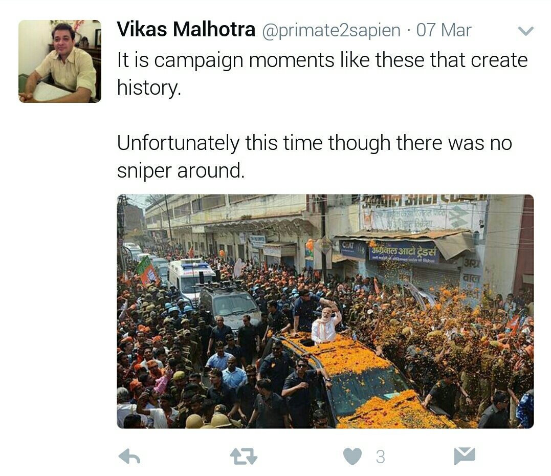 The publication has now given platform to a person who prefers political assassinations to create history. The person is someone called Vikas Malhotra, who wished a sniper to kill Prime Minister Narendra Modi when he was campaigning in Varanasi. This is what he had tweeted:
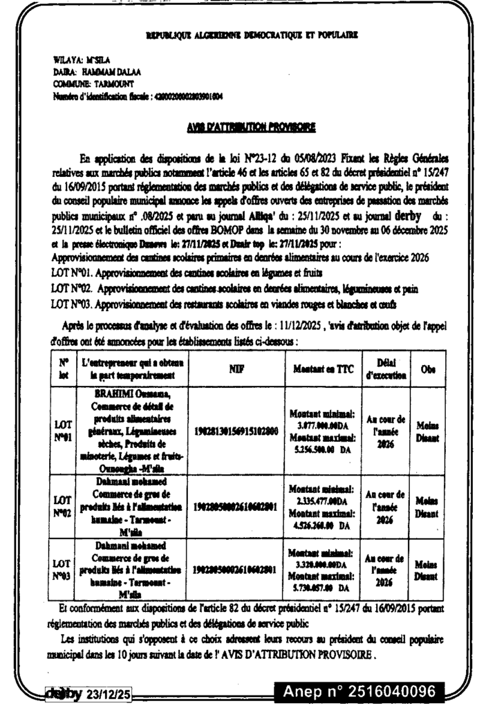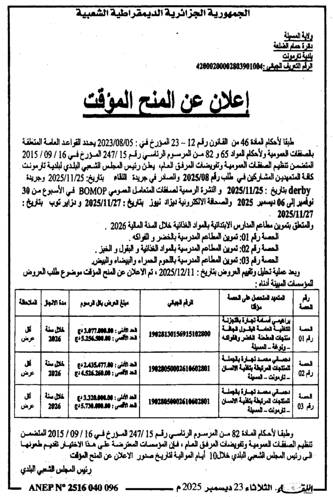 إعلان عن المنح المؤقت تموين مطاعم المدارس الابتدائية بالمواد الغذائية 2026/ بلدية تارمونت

---

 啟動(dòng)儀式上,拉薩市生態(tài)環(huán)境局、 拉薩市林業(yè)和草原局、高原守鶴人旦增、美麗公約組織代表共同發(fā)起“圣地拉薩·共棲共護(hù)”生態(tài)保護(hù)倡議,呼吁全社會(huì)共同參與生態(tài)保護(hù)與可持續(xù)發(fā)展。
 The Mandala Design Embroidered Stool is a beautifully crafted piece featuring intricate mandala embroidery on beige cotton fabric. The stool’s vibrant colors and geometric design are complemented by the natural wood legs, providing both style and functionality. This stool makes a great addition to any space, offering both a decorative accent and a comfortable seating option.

...

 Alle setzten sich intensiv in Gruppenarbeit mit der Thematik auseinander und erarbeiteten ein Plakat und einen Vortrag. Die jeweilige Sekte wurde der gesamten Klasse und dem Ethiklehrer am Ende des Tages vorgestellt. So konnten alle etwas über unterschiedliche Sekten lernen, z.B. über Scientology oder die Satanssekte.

[Work to complete]:
Above are entries with pictures among them. Write out exactly the lines from the one containing "The publication has" through the one containing "إعلان عن المنح", ends included, and leave those pictures out.

[Output of the exercise]:
 The publication has now given platform to a person who prefers political assassinations to create history. The person is someone called Vikas Malhotra, who wished a sniper to kill Prime Minister Narendra Modi when he was campaigning in Varanasi. This is what he had tweeted:
 إعلان عن المنح المؤقت تموين مطاعم المدارس الابتدائية بالمواد الغذائية 2026/ بلدية تارمونت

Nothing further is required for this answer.